At Valley High School in Gilcrest, the Weld County school added soccer this season after a half-dozen Latino students told administrators that they wanted to play a sport.

“Overnight, we saw class attendance jump, academic performance improve, everything,” says Justin McMillan, the school’s athletic director. Of the soccer team’s 29 players, 27 are Latino.

“I’ve never seen a sport have this kind of immediate impact,” he says. “I feel like we’re finally reaching these kids.”

For years, studies have shown that students who participate in after-school activities are more likely to stay in school, register to vote and volunteer in their communities.

In Arizona, where 15 of 30 new soccer programs in the past five years are from largely Latino towns, the teams already are challenging for state titles and have played an important role in reviving community spirit.

Sensing the buildup in migrant-dominated towns such as the ones in Arizona, CHSAA is considering allowing eight- man soccer teams in some regions – in place of 11-man squads – to give small schools another athletic option.

“It’s a beautiful thing”

During a recent Friday game with James Irwin Charter High School of Colorado Springs, about 50 people dot the stands amid rain and bitter wind. Armchair coaches yell encouragement in English and Spanish.

“Pasala, Ruben! Pasala!”

“Pass it, Ruben! Pass it!”

By the early second half, with a charge from its players up front, Lake County’s lead swells to 2-0, then 3-0, then 4-0. James Irwin scores late to make it 4-1.

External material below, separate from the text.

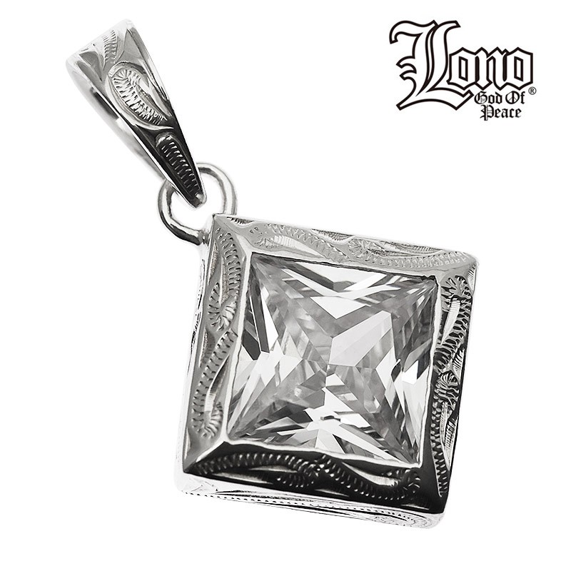 | 永遠に続く幸せを意味する「スクロール(波)」が刻まれている、スクエアペンダント。 | |

Jill Dzubay, whose son, David, plays for Lake County, can’t help feeling pride for her boy’s school.

“Everyone on that field is an equal, and it’s a beautiful thing to see those cultures and all those different kids out there,” Dzubay says. “It’s incredible.”

Just then, Ruben Godoy, whose parents recently moved to Leadville from Zacatecas, Mexico, fires a laser past the overwhelmed James Irwin goalkeeper.

The 5-1 score turns to 6-1 within minutes. The team celebrates. The referee’s whistle blows.

The players slap hands with their opponents, wave to their fans and huddle near their bench.

They smile and hug and cheer and bounce in a circle.

“That out there,” Dzubay says, pointing to the players, “warms my heart.”